WORK TO BE COMPLETED: Return the full listing character for character, without its pictures.

PROVIDED DATA:

________________________

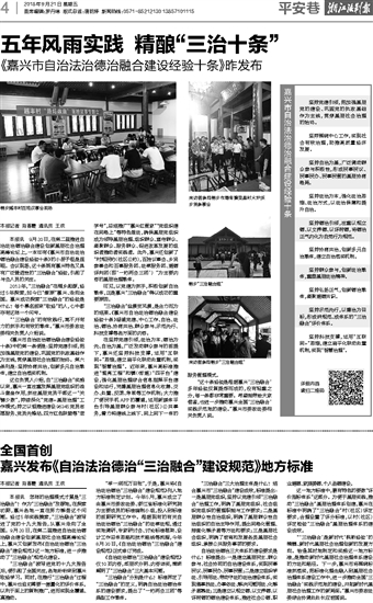 全国首创 嘉兴发布《自治法治德治“三治融合”建设规范》地方标准
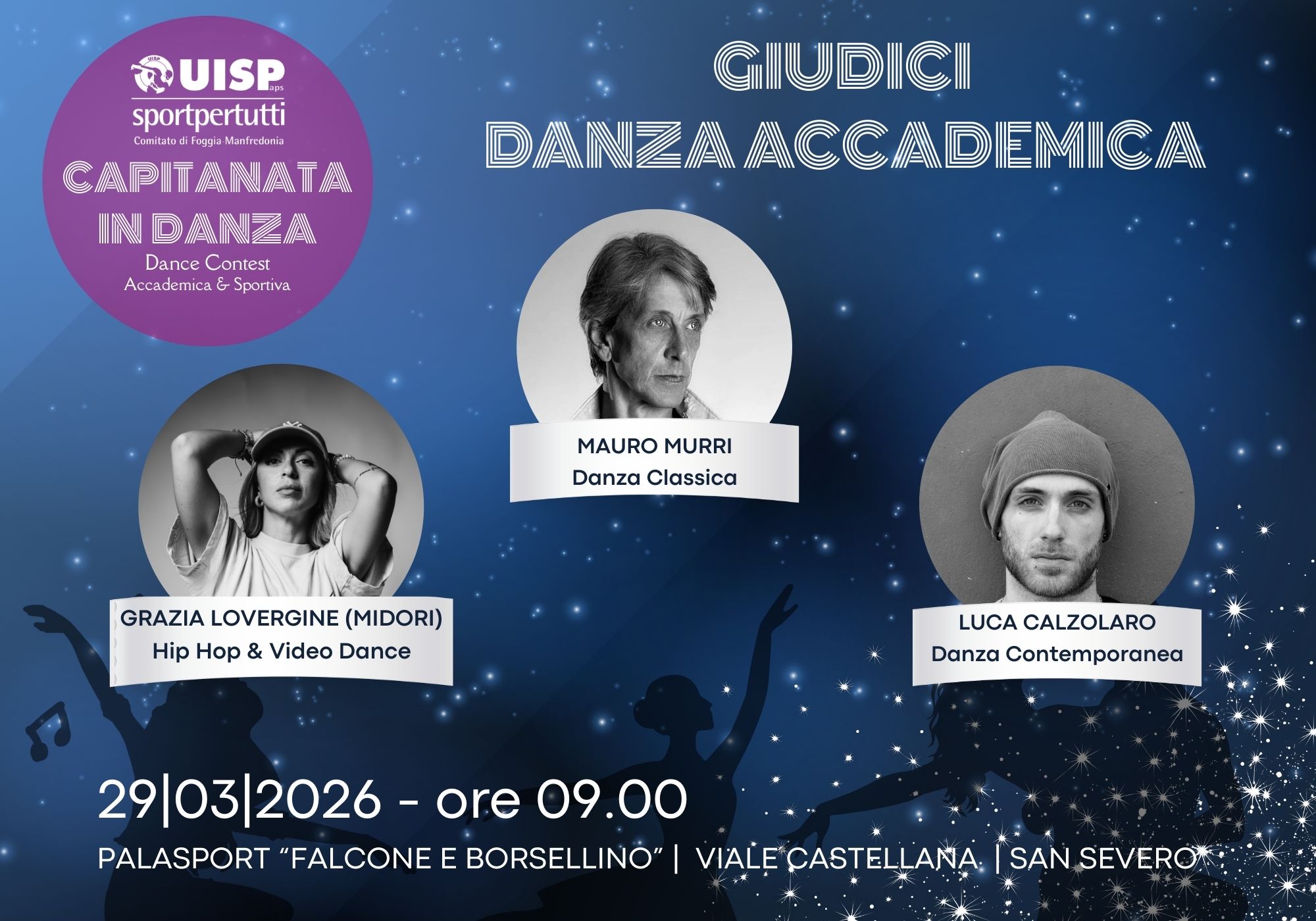 Per la Danza Accademica la giuria sarà composta da figure di riferimento nel panorama nazionale della danza, chiamate a valutare tecnica, interpretazione, presenza scenica e qualità coreografica:
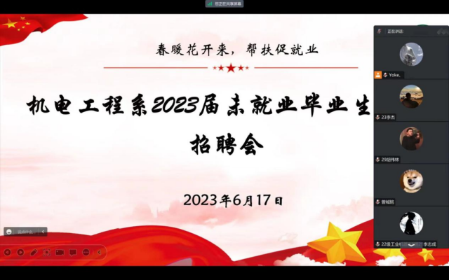 为贯彻落实党中央、国务院“稳就业”“保就业”决策部署,按照政府工作报告“做好高校毕业生等重点群体就业工作”的部署要求,大力拓宽市场化就业渠道,强化毕业生就业服务,打造学校、学生与用人单位的交流平台,提供不断线的就业服务,2023年6月17日(周六)下午2点,江西工业贸易职业技术学院机电工程系通过腾讯会议平台举办“2023届毕业生线上直播招聘会”,为毕业生提供更多就业机会。

________________________

ANSWER TO THIS EXERCISE:
 全国首创 嘉兴发布《自治法治德治“三治融合”建设规范》地方标准
 Per la Danza Accademica la giuria sarà composta da figure di riferimento nel panorama nazionale della danza, chiamate a valutare tecnica, interpretazione, presenza scenica e qualità coreografica:
 为贯彻落实党中央、国务院“稳就业”“保就业”决策部署,按照政府工作报告“做好高校毕业生等重点群体就业工作”的部署要求,大力拓宽市场化就业渠道,强化毕业生就业服务,打造学校、学生与用人单位的交流平台,提供不断线的就业服务,2023年6月17日(周六)下午2点,江西工业贸易职业技术学院机电工程系通过腾讯会议平台举办“2023届毕业生线上直播招聘会”,为毕业生提供更多就业机会。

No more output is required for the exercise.